As the excerpt from Part I explains, the gardens around the manor of Stowe consisted of approximately four hundred acres. Like the house, with its rooms finished in different styles, the gardens were also distinguished by different scenes and character.
One fascinating monument is the Temple of British Worthies, a semi-circular structure by the upper lake, containing the busts of notable people including: Alexander Pope, Sir Thomas Gresham, Ignatius Jones, John Milton, William Shakespeare, John Locke, Sir Isaac Newton, Sir Francis Bacon, King Alfred, Edward Prince of Wales, Queen Elizabeth, King William III, Sir Walter Raleigh, Sir Francis Drake, John Hampden and John Barnard.
Constructed between 1734 and 1735, the structure is built of stone and centers around a bust of Mercury in the middle.
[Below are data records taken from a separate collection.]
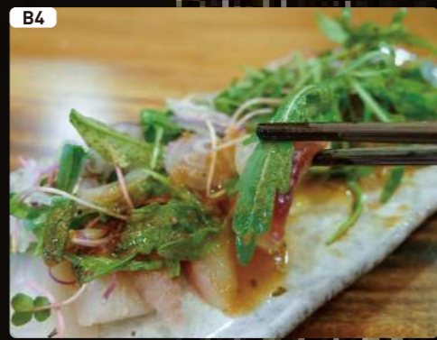
B4 南国鯛のカルパッチョ Carpaccio of NANGOKU-TAI Fish $4.25
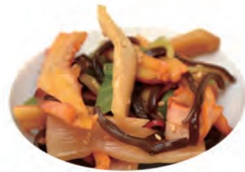
10. INSALATA DI TOTANI alghe, bambu, funghi, peperoni
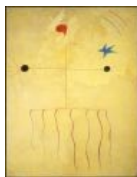
Найди голову каталонского крестьянина

Миро терпеть не мог никакого планирования, хождений на работу вовремя, и вёл себя как типичный представитель художественной тусовки Парижа. И не беда, что жрать нормально можно было лишь раз в неделю, а остальное время давиться только финиками, зато художник считал себя свободным и счастливым. В мастерской было свалено несколько уютненьких мешков, на которых всегда могли проспать его друзья после очередной бурной попойки. Затем всё, конечно, устаканилось, как только сюр стал модным и стильным течением, принеся неплохие дивиденды.

Situated in the Elysian Fields at Stowe, the structure was designed by William Kent. The National Trust has a detailed page on Stowe and many of the restorations underway here: History of Stowe | National Trust
The park also has a monument to Captain Greville, Lord Cobham’s tribute to his nephew Captain Thomas Greville.
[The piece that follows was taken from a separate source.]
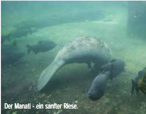
Der Manati - ein sanfter Riese.

Wer in Europa wohnt, hat oft das Gefühl, dass Tiere nur in der Ferne bedroht sind. Man denkt meist sofort an Afrika oder an den Regenwald im Allgemeinen. Europa ist alt, sehr alt, und vieles das Aussterben konnte, ist bereits ausgestorben. Aber es gibt auch hier Tiere, die bald vielleicht nicht mehr sein werden. Der Stör, dessen Verbreitungsgebiet ganz Europa ist, dient als Beispiel dafür. Seine Eier werden als Kaviar bezeichnet, gelten als Delikatesse und wurden übermäßig viel gesammelt. Problem: Ohne Stör-eier gibt es keinen Nachwuchs mehr. Der Stör ist ein beeindruckender Fisch: Er wird bis zu 2 m lang und wiegt bis zu 300 kg! Er hat harte Platten auf dem Rücken wie eine Schildkröte und ist grau-braun gefärbt.

Excerpts from The New British Traveller, 1819.
Jonathan Myles-Lea, a painter of historic houses and gardens, was commissioned by the National Trust to create a map of all the monuments and temples in the Stowe Landscape Gardens:
There are many lovely pictures online of the modern Stowe gardens and house, which I highly recommend viewing.
The Georgian era was really the primary time period for work in the gardens, including those designs by William Kent and later Capability Brown, who served as head gardener from 1741 until 1751. Brown added the Palladian Bridge, expanded the lake into a more natural shape, and developed the Grecian Valley which was really a woodland area.
Following Brown’s departure, Richard Woodward continued Brown’s work of naturalising much of the landscape, so that by the Regency era the gardens were fairly finished. In 1826, the Lamport Estate east of the gardens would be purchased and folded in, and in 1840 new rock and water gardens would be added.
The gardens, throughout the Georgian to Victorian era, were a destination and attraction for nobility, political leaders, and other fashionable people. It was the first English garden to have a guidebook produced, would have poems and other tomes dedicated to its magnificence, and was undoubtedly a sight to behold during the Regency era.